# File Conversion Error



## josephnaicker (Jul 24, 2008)

I recently accidently deleted partition of my Data Harddrive and formatted it. But when i realised it was wrong harddrive it was too late.
I managed to get a software which recovered some of my files.
All documents were very important to me.
Now I can not open any office files including word, excel,and others.
As soon as I open word document, the convesion screen pops up and when I click ok, the document opens but I can read it.
CAN ANYONE HELP ME OUT


----------



## zakir3s (Nov 7, 2008)

Hi,

I had saved one word document on last friday. Today when i am trying to open 
it, i am getting a 'File Conversion' dialog box. It is asking me to select 
text encoding = 'Windows Default or MS-Dos or Other Encoding (with list of 
items in drop down)

I am confused by this behaviour. I did not do any conversion or anything on 
this file after i saved it on friday. Can somebody please tell me how to 
resolve this problem. I had written a functional spec and am in trouble 
because of this error..Pls help. Thanks in advance


----------



## xrocool (Dec 3, 2008)

I was getting this on a users PC "'File Conversion' dialog box. It is asking me to select 
text encoding = 'Windows Default or MS-Dos or Other Encoding (with list of 
items in drop down)"
Turns out that somehow the File associations had changed to the wrong program.
Her problem was PDF files trying to open in Publisher.
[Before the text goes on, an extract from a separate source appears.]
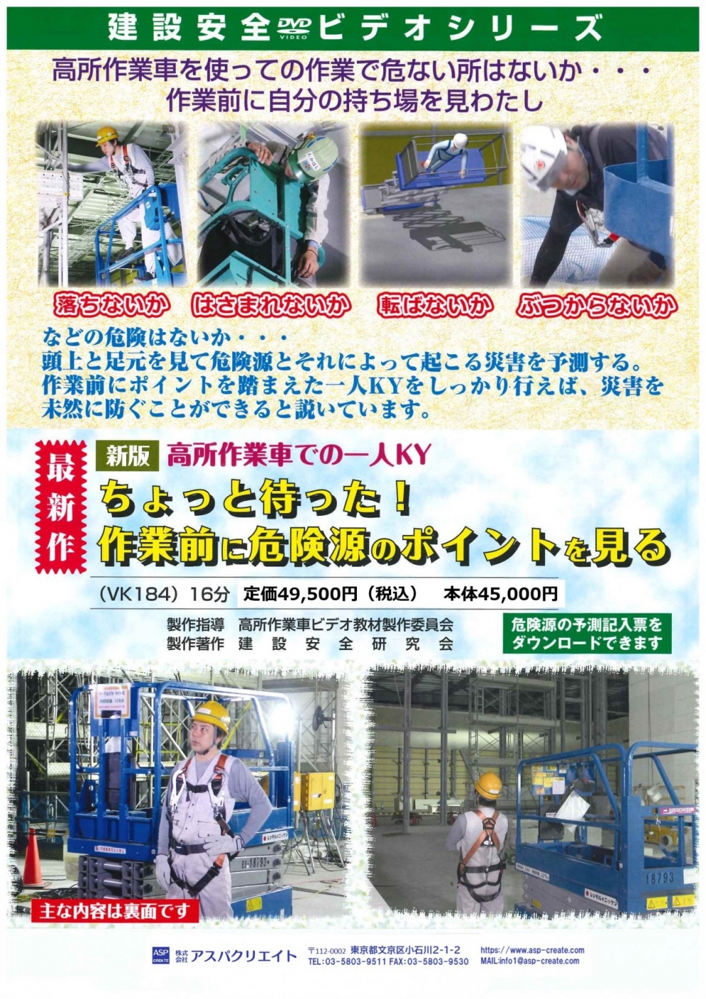 本DVDは、8つの職務についてそれぞれ、一方通行の指示や呼びかけではなく、作業員達と情報を共有しリスクを減らすための意見を出し合い、意思の疎通を図ること=リスクコミュニケーションの実践術を盛り込みながら解説します。

Not sure it will help but might check to make sure it is trying to open with right program.


----------



## vabzplanet (Jul 7, 2010)

*Please Help Me on the Same Error!!!*


----------



## sameer933 (Jul 9, 2010)

Please help me on the same error !!!!!


----------



## sachin borhade (Sep 30, 2010)

please help me file conversion error after i am opening word or exel document


----------